Headwaters, defined here as first- and second-order streams, make up 70%–80% of the total channel length of river networks. These small streams exert a critical influence on downstream portions of the river network by: retaining or transmitting sediment and nutrients; providing habitat and refuge for diverse aquatic and riparian organisms; creating migration corridors; and governing connectivity at the watershed-scale. The upstream-most extent of the channel network and the longitudinal continuity and lateral extent of headwaters can be difficult to delineate, however, and people are less likely to recognize the importance of headwaters relative to other portions of a river network. Consequently, headwaters commonly lack the legal protections accorded to other portions of a river network and are more likely to be significantly altered or completely obliterated by land use.
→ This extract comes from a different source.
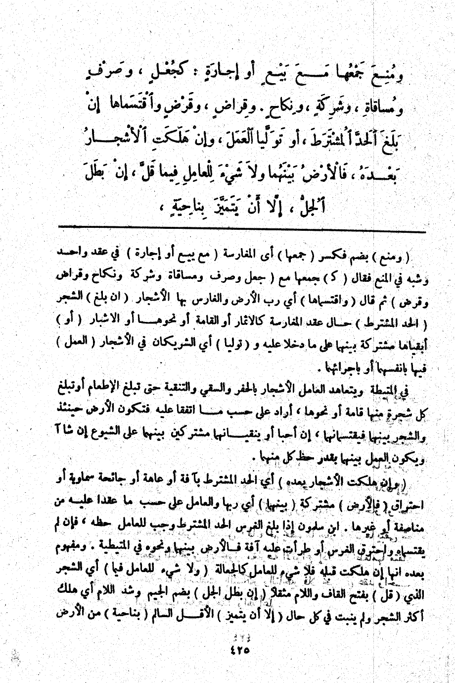 ـــــــــــــــــــــــــــــQوَمُنِعَ) بِضَمٍّ فَكَسْرٍ (جَمْعُهَا) أَيْ الْمُغَارَسَةُ (مَعَ بَيْعٍ أَوْ إجَارَةٍ) فِي عَقْدٍ وَاحِدٍ وَشَبَّهَ فِي الْمَنْعِ فَقَالَ (كَ) جَمْعِهَا مَعَ (جُعْلٍ وَصَرْفٍ وَمُسَاقَاةٍ وَشَرِكَةٍ وَنِكَاحٍ وَقِرَاضٍ وَقَرْضٍ) ثُمَّ قَالَ (وَاقْتَسَمَاهَا) أَيْ رَبُّ الْأَرْضِ وَالْغَارِسُ بِهَا الْأَشْجَارَ (إنْ بَلَغَ) الشَّجَرُ (الْحَدَّ الْمُشْتَرَطَ) حَالَ عَقْدِ الْمُغَارَسَةِ كَالْإِثْمَارِ أَوْ الْقَامَةِ أَوْ نَحْوِهَا أَوْ الْأَشْبَارِ (أَوْ) أَبْقَيَاهَا مُشْتَرَكَةً بَيْنَهُمَا عَلَى مَا دَخَلَا عَلَيْهِ وَ (تَوَلَّيَا) أَيْ الشَّرِيكَانِ فِي الْأَشْجَارِ (الْعَمَلَ) فِيهَا بِأَنْفُسِهِمَا أَوْ بِأُجَرَائِهِمَا. فِي الْمُتَيْطِيَّةِ وَيَتَعَاهَدُ الْعَامِلُ الْأَشْجَارَ بِالْحَفْرِ وَالسَّقْيِ وَالتَّنْقِيَةِ حَتَّى تَبْلُغَ الْإِطْعَامَ أَوْ تَبْلُغَ كُلُّ شَجَرَةٍ مِنْهَا قَامَةً أَوْ نَحْوَهَا، أَرَادَ عَلَى حَسَبِ مَا اتَّفَقَا عَلَيْهِ فَتَكُونُ الْأَرْضُ حِينَئِذٍ وَالشَّجَرُ بَيْنَهُمَا فَيَقْتَسِمَانِهِمْ ا، إنْ أَحَبَّا أَوْ يُنَقِّيَانِهِمَا مُشْتَرَكَيْنِ بَيْنَهُمَا عَلَى الشُّيُوعِ إنْ شَاءَا وَيَكُونُ الْعَمَلُ بَيْنَهُمَا بِقَدْرِ حَظِّ كُلٍّ مِنْهُمَا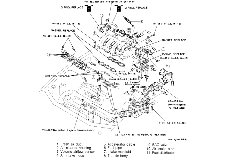 - Remove the intake manifold-to-cylinder head bolts/nuts and remove the intake

We are unable to predict the location of first-order channels in particular, which limits ability to define their spatial distribution and cumulative length or area. This in turn limits understanding of their physical or ecological function, as well as the extent of direct or indirect human alteration of these smallest channels in a river network
Resistance & resilience
We cannot adequately characterize or predict either physical or ecological resistance or resilience of many headwater streams. We need additional case studies of headwaters response to natural and human-induced disturbances in order to develop a sufficient body of literature to support generalizations and predictions. We also need metrics to characterize resistance and resilience of headwater streams, which are likely to have greater magnitude and frequency of disturbances than higher-order channels
Human alterations
We need more site-specific case studies and watershed- to regional-scale assessments of how land use and climate change affect the distribution, form, and function of headwaters
Biota
Complete species inventories do not exist for the great majority of headwater streams, which limits our ability to understand and predict the contribution of headwaters to biodiversity and the ecological resilience of these streams to natural and human disturbances
Hydrology
There is a need for both techniques to measure the spatial and temporal extent of surface flow in streams that are ephemeral or intermittent, and datasets of such measurements. We also need more quantitative measurements of hydrologic variability and metrics that characterize hydrologic variability.
Hydraulics and sediment regime
Headwaters are predominantly sediment transfer zones, but we need more case studies of the magnitude and episodicity of sediment inputs and downstream transfer, including the hydraulic thresholds that facilitate such transfer.
Connectivity
As with hydrologic variability, we need more measurement techniques, metrics, and datasets of diverse forms of connectivity in headwaters.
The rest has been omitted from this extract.